ROME
Vatican Radio
From darkness to light. From pain and hurt, to healing and hope. That was the symbolic sense of the penitential liturgy led by Canadian Cardinal Marc Ouellet, head of the Vatican’s Congregation for Bishops, as a central part of the four day symposium. Appropriately since it is the Jesuit run Gregorian University that has been a driving force behind this conference, the liturgy was held in the great baroque church of St Ignatius, dedicated to the founder of the Society of Jesus. Beneath the masterly ceiling fresco by Andrea del Pozzo, a small procession of bishops, priests, and lay people entered the dark and silent church as images were projected onto a screen beside a simple wooden crucifix. They showed the beauty of God’s creation, images of nature and new life, children of different countries and cultures. But then a dramatic change of tone as the slides showed man’s destruction of the environment, our greed and violence, racism and conflicts that remind us all of our need for forgiveness.
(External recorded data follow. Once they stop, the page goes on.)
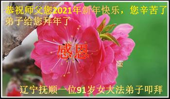 在2021年新年来临之际,弟子恭祝伟大的师尊新年快乐! 辽宁抚顺市一位90岁老年女大法弟子恭祝师父新年快乐!
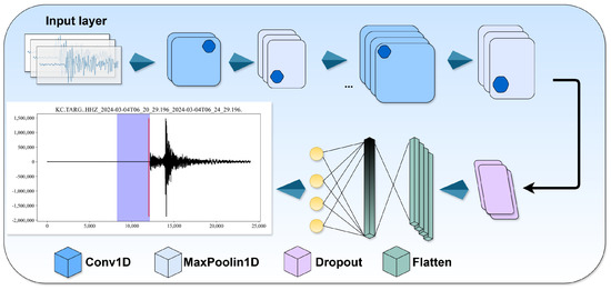 Table 2. The model consists of a sequence of four convolutional layers (Conv1D), each performing a one-dimensional convolution along the temporal axis of the input data. Each convolutional layer employs the ReLU activation function, effectively extracting non-linear features from seismic waveforms.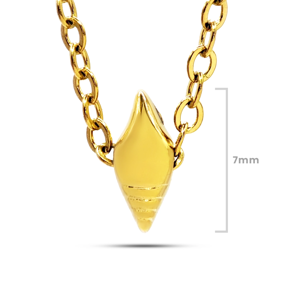El acabado dorado pulido permite que la luz se refleje de manera uniforme sobre la superficie, resaltando las formas naturales de la concha y aportando un brillo suave y sofisticado. Su diseño minimalista lo convierte en una pieza versátil que puede usarse sola para un look sencillo o combinarse con otros collares en capas para un estilo más moderno.

In his homily Cardinal Ouellet spoke of the scandal and shame of sexual abuse, a crime he said which causes a sense of death for the innocent victims. He spoke too of the sins of church leaders who often knew what their priests were doing but failed to stop the abuse. He said, “Sometimes the violence was committed by deeply disturbed persons, or by those who had themselves been abused. It was necessary to take action concerning them and to prevent them from continuing any form of ministry for which they were obviously not suitable. This was not always done properly, and once again we apologise to the victims.”